Sunday, April 25, 2010

Two articles, two insights [Bryan]

Two thoughtful articles came out last month, each dealing with the topic of adult care-giving. One article, "Letting Go of My Father," by Jonathan Rauch, appeared in last month's Atlantic. The other, "On spectrum: My daughter, her autism, our life," by Sallie Tisdale, appeared in last month's Harper's. The first article talks about caring for an aging parent, the second talks about caring for an adult daughter with autism. It was useful to compare and contrast what these articles had to say. Both, for example, talked about how difficult it is for adult caregivers when roles begin to blur, the role of adult and child, for example, or carer and cared-for.

In the end, two things really touched me. First, Tisdale writes about how parents with disabled children learn to give up on their dreams and expectations for their children.
Ambivalence is a normal state for me. It is hard to articulate what I seem to have lost, because it is something I never had. Annie was never going to go to law school—we knew that. Eventually we knew she was not even going to drive a car. What I miss is something vague and dreamy about a daughter growing up. I have fantasies of high school girls giggling in a bedroom behind a closed door, of long phone calls.
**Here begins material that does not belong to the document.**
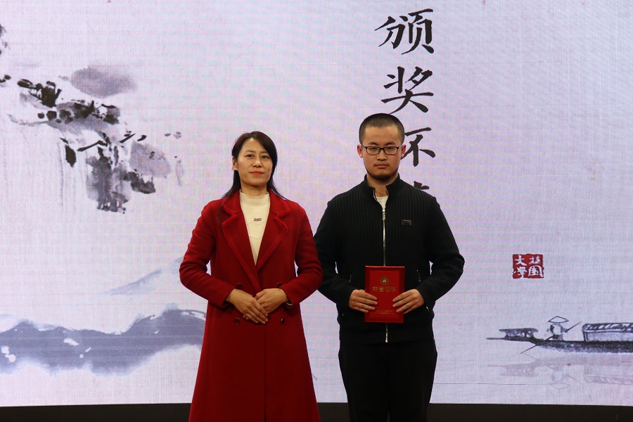 李御娇为一等奖获得者钱恒宇颁奖

I feel grief for the past, for all that there was none of, and grief for the future, for what there may be none of yet to come. Every parent loses a child, several children, as each successive child passes into the next—the chrysalis of the infant becomes the toddler, the toddler gives way to the child, the child to the youth and finally the adult. This is one element of being a parent, of being alive, though there is an enduring sorrow in realizing not that the child has died but that the adult anticipated will never be born.
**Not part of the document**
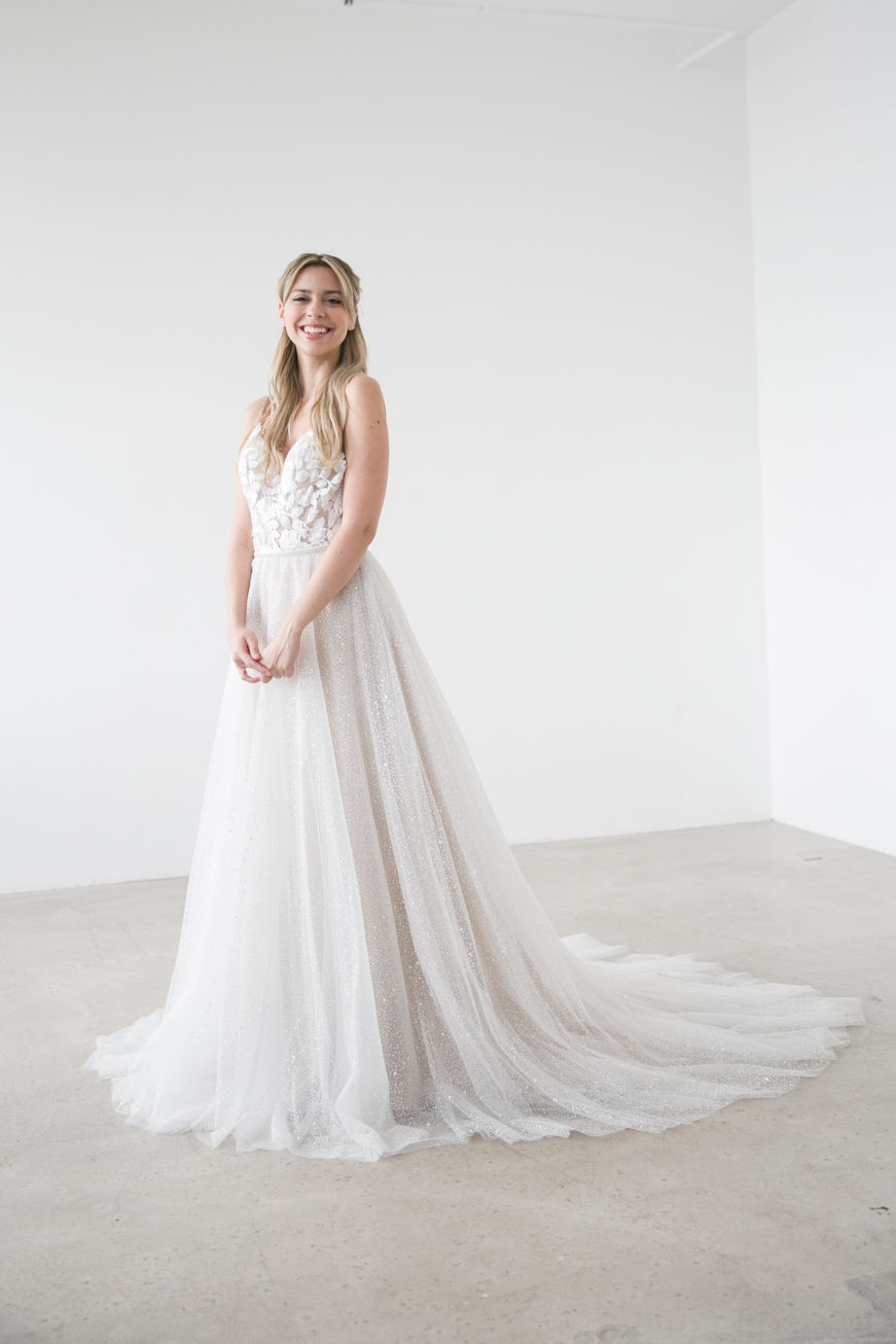 Feature: Sparkle, volume, glitter tulle, champagne underlay

In Rauch's piece, I was touched by how accepting assisted living, accepting dependency, can be seen as the last act of parental care and affection. Rauch talks of the difficulties involved with caring for his aging, dying father: cleaning up his father's poop, spending whole days at the doctor's offices, receiving panicked calls from his father's worried neighbors, and so forth. His father, afflicted with Parkinson's, insisted on his independence until it became too much:
As I reached my own breaking point...my father caught sight of my distress. He would not accept assisted living on his own account, but when I told him that he was already in assisted living but that I was the assistance; that I was overwhelmed, underqualified, and barely hanging on emotionally; that I wanted to be his son again, not a nurse and nag and adversary—when I told him all that, and when his sister and the social worker chimed in, he acceded. He was still, after all, my father, and it was still his job, he understood, to care for me....Another phase of the story then unfolded, ending with his death in December. His last gesture to me, so very characteristic, was to wave me away. He wanted me to go on with my life rather than hover by his bedside.
Accepting help was his father's final act of love, his final way of taking care of his son, his final act of fatherly sacrifice, stricken and dying as he was.